Ghosts, vampires, and werewolves are experiencing a resurgence in fiction nowadays. Vampire lit is back in fashion, as is the kind of bleak, gripping horror writing that first found popularity with Edgar Allen Poe almost two centuries ago. Gothic writing is masterful when it’s done right, and it’s important to know the rules in order to do this genre justice.
Mood and Terror
The first thing to remember about gothic writing is that it is all about crafting mood and terror. If you look back at the more famous Poe stories, such as “The Fall of the House of Usher”, you can see that Poe begins to create his mood from the first line, crafting a scene of gray clouds, creepy old houses, and an otherwise forboding landscape. To create mood, writers must exercise consistency, using every image and every word choice as an opportunity to build upon the feeling they want to get across. Sometimes by overdoing it, Poe makes no mistake that fear and gloom are his moods of choice.

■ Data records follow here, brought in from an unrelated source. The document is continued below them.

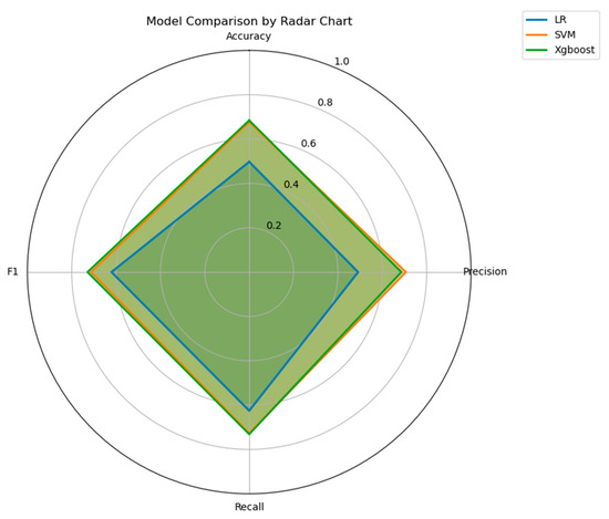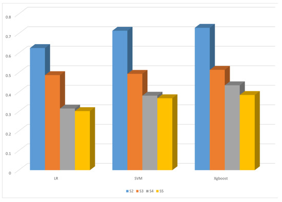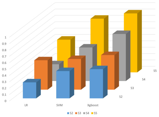 Figure 10 that the accuracy decreases gradually with the increase in the number of classification categories. Among them, from S2 to S3, the accuracy decreases the most, and the accuracy of SVM and XGBoost decreases significantly more than that of LR model. From the S3–S5 stage, the accuracy rate of XGBoost shows more prominent changes, implying that the XGBoost model has higher sensitivity to the change in the number of categories.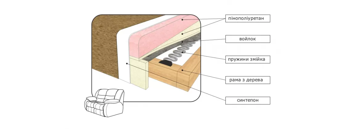 М'які частини сидінь мають комбіноване наповнення з пінополіуретану і синтепону.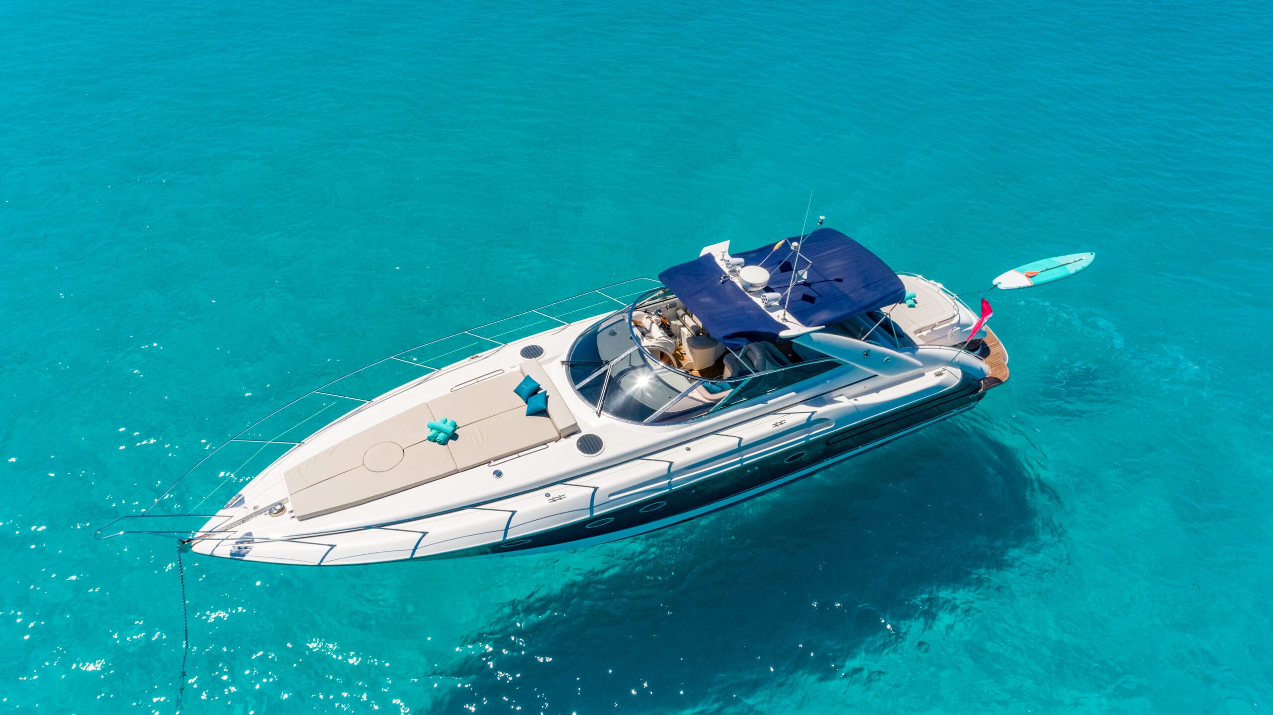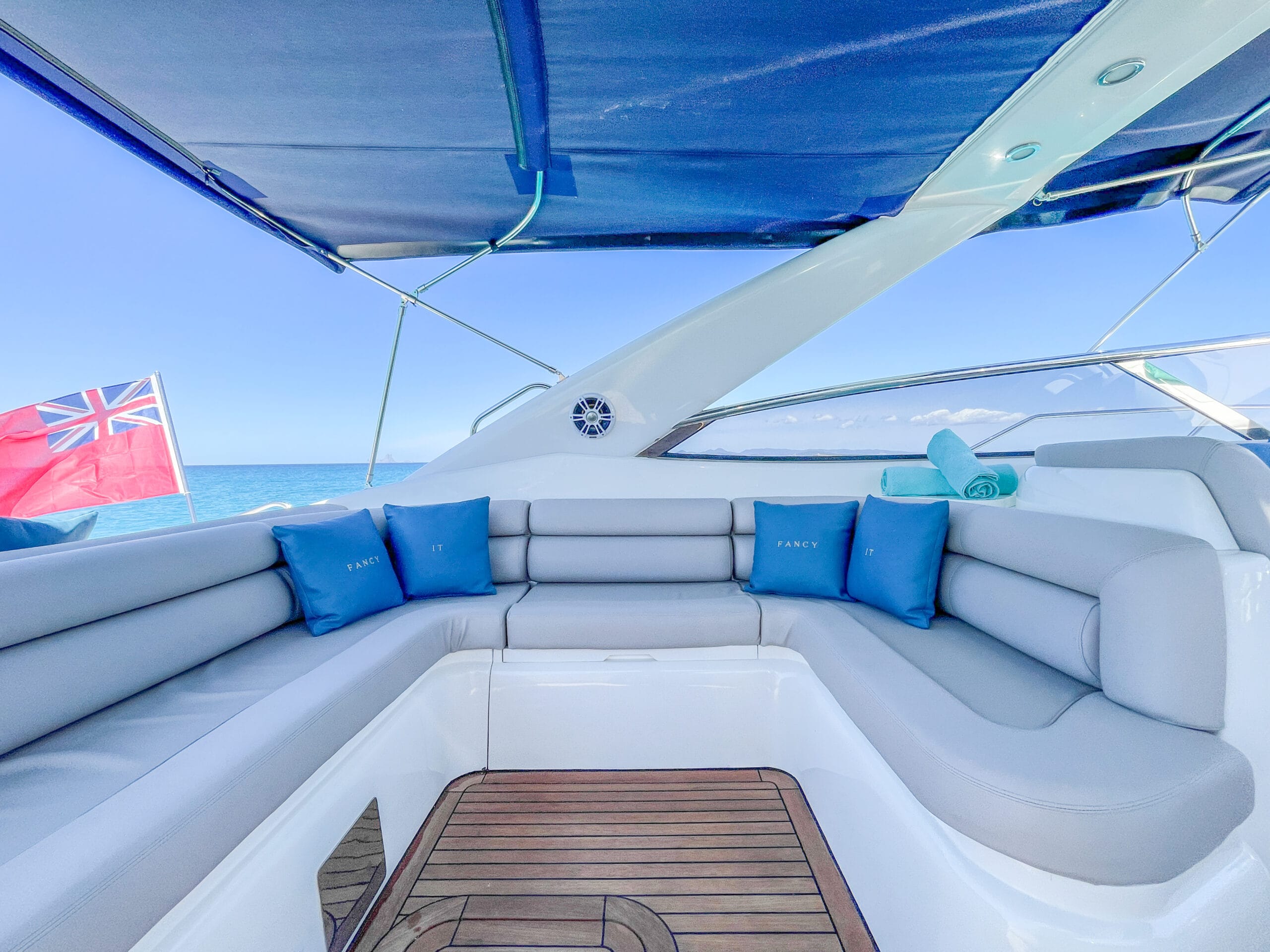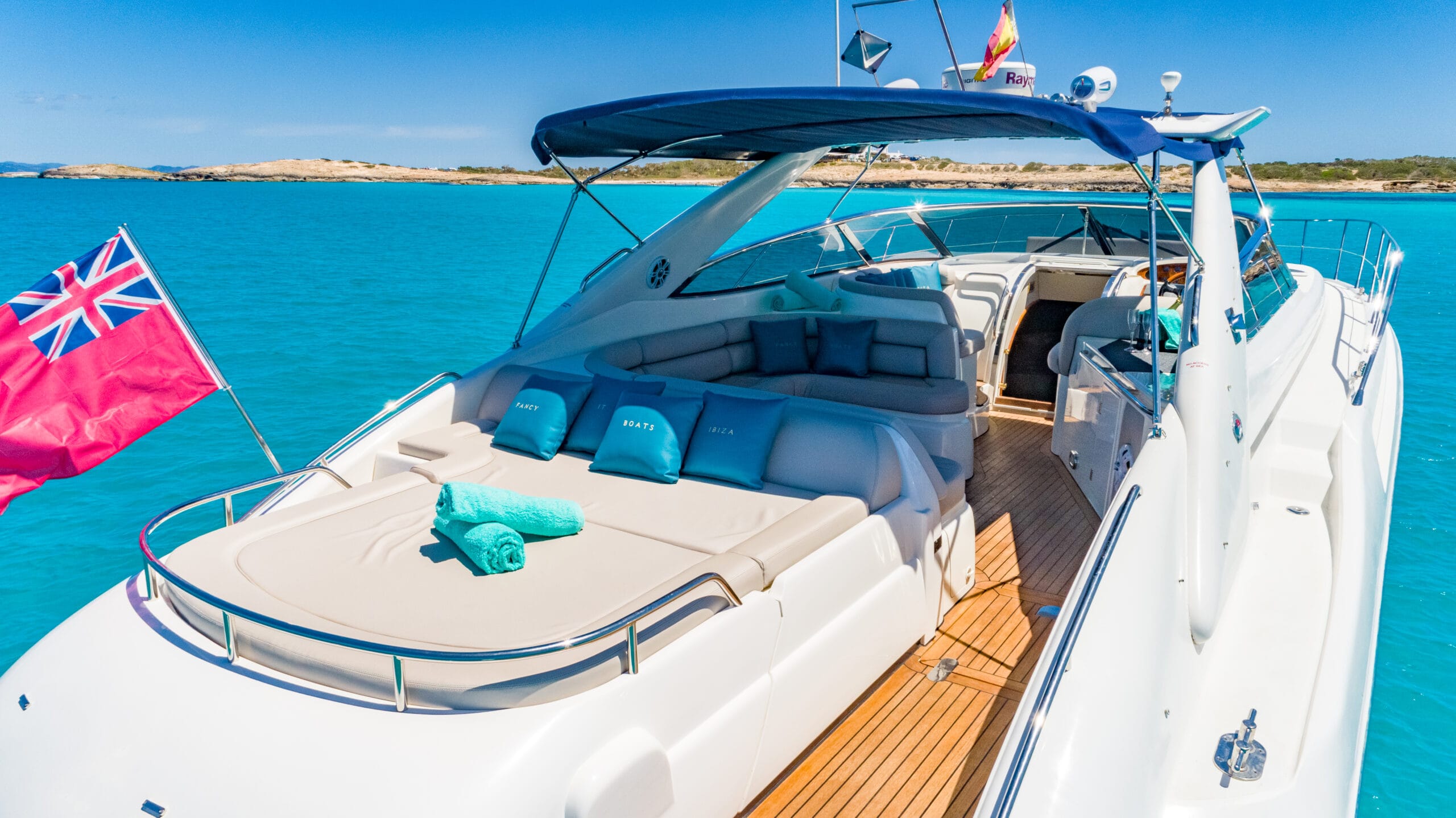 Powerful, elegant, and freshly refitted, Fancy It features twin 800HP engines, three cabins, and a spacious cockpit with shaded seating and dining. Large sunbeds at both the bow and stern, an easy-access swim platform, and a premium sound system make it the perfect Ibiza day charter.

Read and study the masters
When embarking on a genre work like a gothic story, it’s important to study the masters and understand how they do what they do. Start by reading some Poe, then study modern gothic masters such as Faulkner (particularly his short story “A Rose for Emily”) and Flannery O’Connor (“A Good Man is Hard to Find” is an iconic work of hers). Ask yourself how Poe frightens the reader by building suspense, by using silence, and by disgusting the reader with frightening imagery. Ask how O’Connor sets up scenes of explosive violence in her story by hinting at them earlier.
After the jump: understanding the rules of the gothic genre.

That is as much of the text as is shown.